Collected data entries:
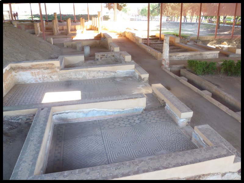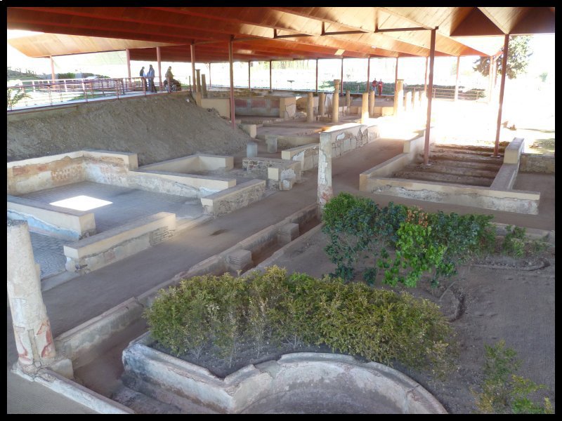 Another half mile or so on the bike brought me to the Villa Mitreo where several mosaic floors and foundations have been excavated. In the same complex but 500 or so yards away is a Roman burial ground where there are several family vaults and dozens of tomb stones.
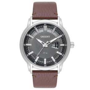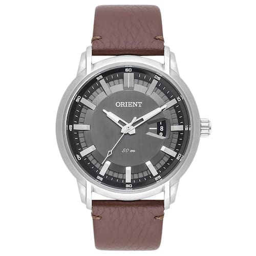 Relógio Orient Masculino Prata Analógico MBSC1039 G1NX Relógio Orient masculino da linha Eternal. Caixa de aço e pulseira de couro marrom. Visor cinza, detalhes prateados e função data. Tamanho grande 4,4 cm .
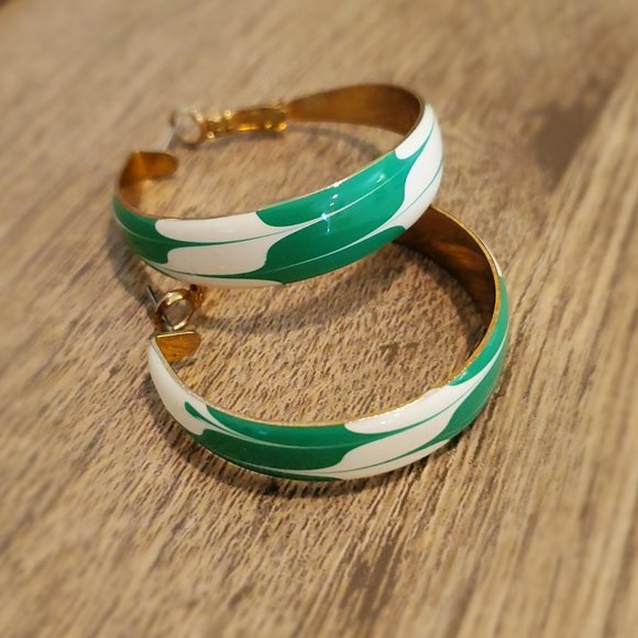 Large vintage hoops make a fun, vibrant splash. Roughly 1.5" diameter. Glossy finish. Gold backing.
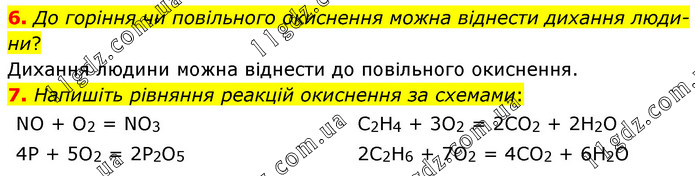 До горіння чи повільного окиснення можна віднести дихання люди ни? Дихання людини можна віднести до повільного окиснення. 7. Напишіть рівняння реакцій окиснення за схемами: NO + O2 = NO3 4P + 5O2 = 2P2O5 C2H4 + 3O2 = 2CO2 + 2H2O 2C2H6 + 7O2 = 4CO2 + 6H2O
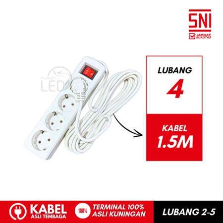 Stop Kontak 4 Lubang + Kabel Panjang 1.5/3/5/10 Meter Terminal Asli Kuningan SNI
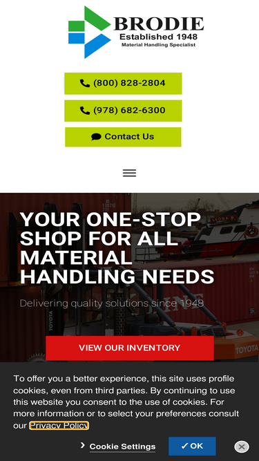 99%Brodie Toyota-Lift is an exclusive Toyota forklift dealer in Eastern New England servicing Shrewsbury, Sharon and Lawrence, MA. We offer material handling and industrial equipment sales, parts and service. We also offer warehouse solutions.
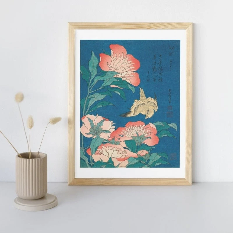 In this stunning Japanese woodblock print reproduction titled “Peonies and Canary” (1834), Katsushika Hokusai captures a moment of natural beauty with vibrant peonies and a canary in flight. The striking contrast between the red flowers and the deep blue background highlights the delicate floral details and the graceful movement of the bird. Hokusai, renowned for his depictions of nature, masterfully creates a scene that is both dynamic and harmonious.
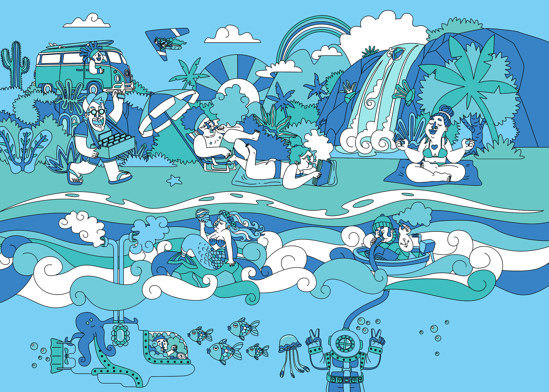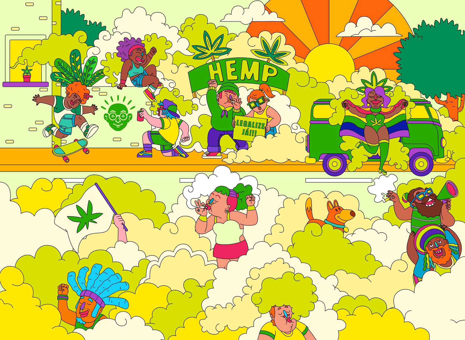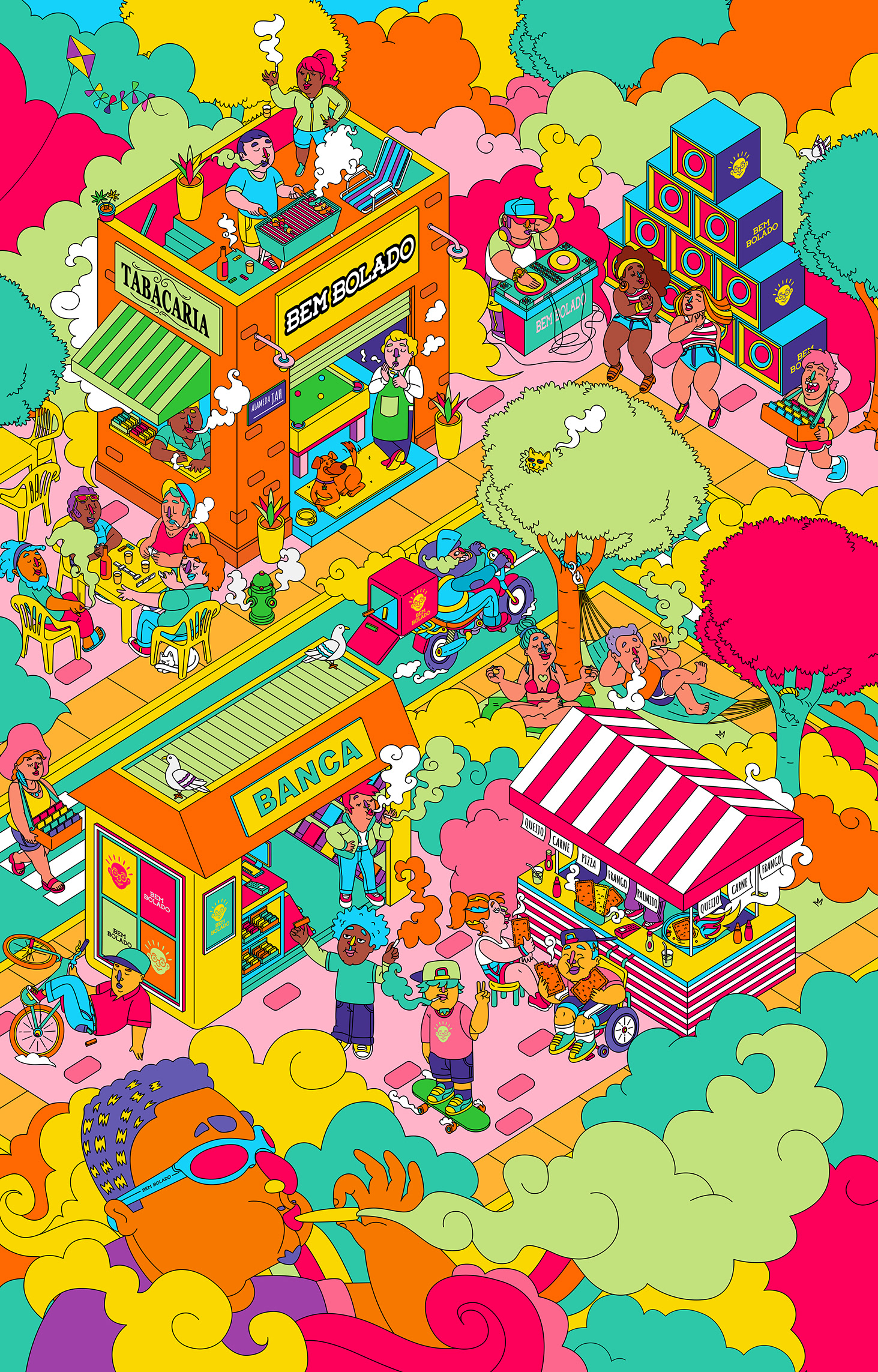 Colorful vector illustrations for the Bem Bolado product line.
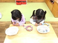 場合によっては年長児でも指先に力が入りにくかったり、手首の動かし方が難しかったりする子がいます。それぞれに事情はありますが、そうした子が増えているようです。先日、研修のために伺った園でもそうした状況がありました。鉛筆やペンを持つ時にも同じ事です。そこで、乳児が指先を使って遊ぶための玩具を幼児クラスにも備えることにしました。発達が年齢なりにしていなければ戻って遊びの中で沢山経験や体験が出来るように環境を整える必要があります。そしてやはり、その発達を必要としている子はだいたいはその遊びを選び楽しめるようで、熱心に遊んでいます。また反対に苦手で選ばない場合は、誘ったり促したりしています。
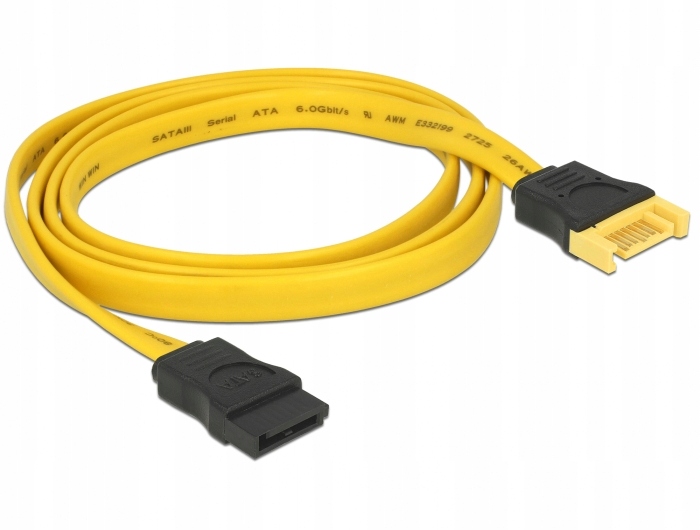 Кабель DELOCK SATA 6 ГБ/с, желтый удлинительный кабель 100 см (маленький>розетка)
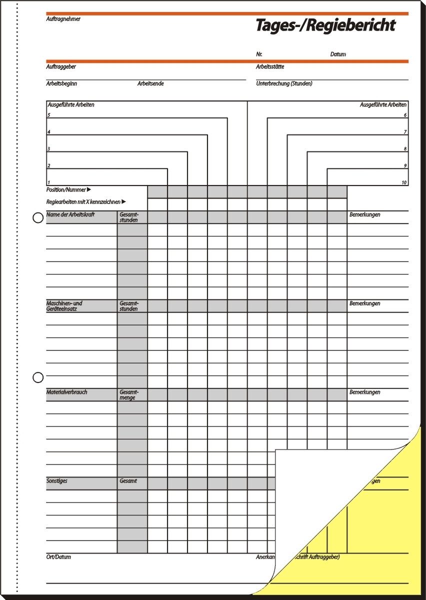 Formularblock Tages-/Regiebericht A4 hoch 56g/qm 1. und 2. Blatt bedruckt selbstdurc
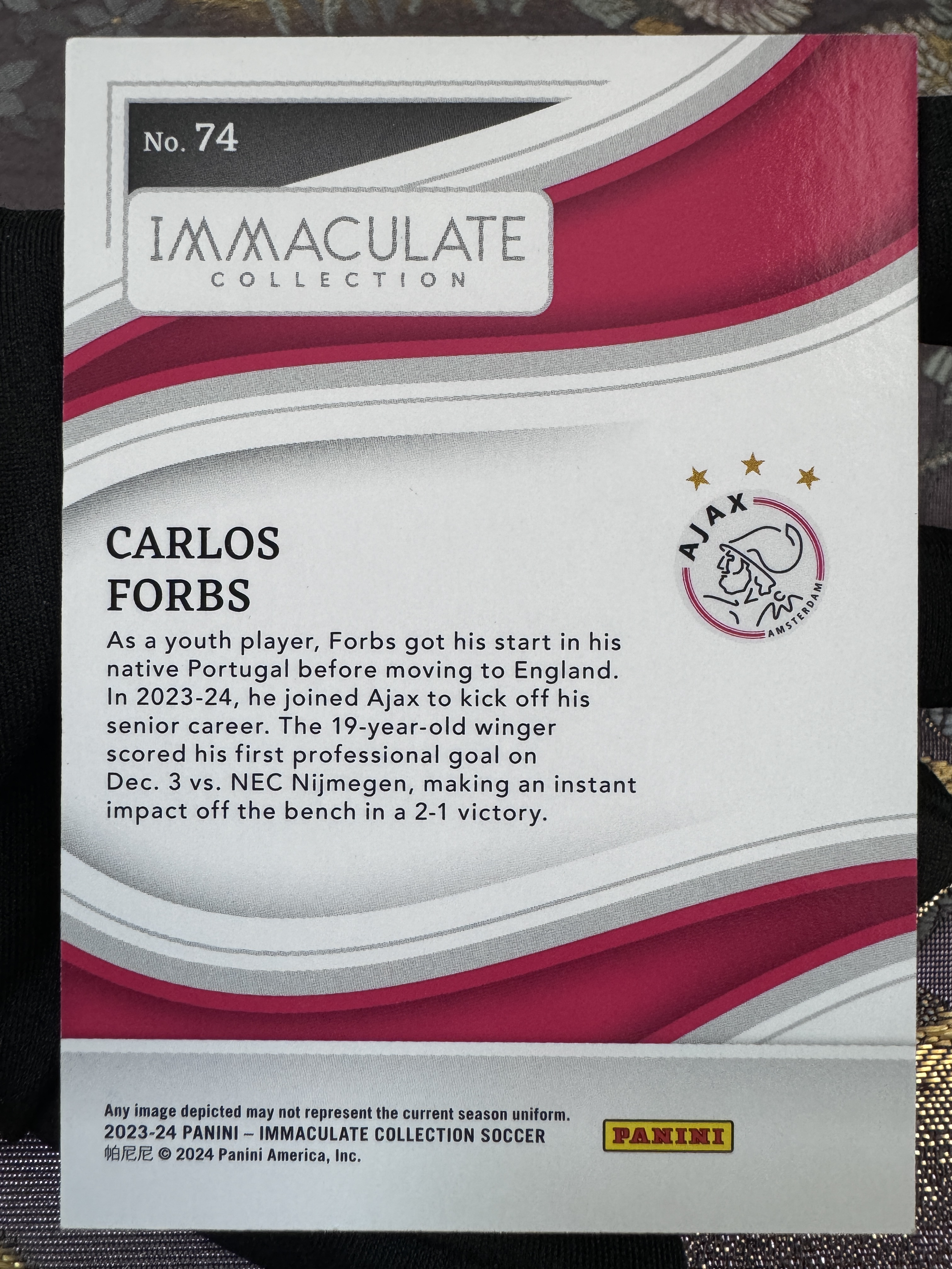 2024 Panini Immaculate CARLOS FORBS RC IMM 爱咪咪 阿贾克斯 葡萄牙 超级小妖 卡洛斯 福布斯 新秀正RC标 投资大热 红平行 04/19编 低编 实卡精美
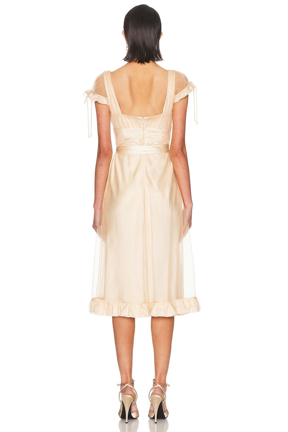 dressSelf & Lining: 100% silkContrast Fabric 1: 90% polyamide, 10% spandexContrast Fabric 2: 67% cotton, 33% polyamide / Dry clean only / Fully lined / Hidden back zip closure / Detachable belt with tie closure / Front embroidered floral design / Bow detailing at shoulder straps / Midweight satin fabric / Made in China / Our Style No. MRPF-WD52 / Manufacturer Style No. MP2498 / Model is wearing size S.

__Activity__:
Your answer must be the exact lines from the records above, from the one containing "До горіння чи" through the one containing "99%Brodie Toyota-Lift is", both included, with every picture left out.

__Exercise solution__:
 До горіння чи повільного окиснення можна віднести дихання люди ни? Дихання людини можна віднести до повільного окиснення. 7. Напишіть рівняння реакцій окиснення за схемами: NO + O2 = NO3 4P + 5O2 = 2P2O5 C2H4 + 3O2 = 2CO2 + 2H2O 2C2H6 + 7O2 = 4CO2 + 6H2O
 Stop Kontak 4 Lubang + Kabel Panjang 1.5/3/5/10 Meter Terminal Asli Kuningan SNI
 99%Brodie Toyota-Lift is an exclusive Toyota forklift dealer in Eastern New England servicing Shrewsbury, Sharon and Lawrence, MA. We offer material handling and industrial equipment sales, parts and service. We also offer warehouse solutions.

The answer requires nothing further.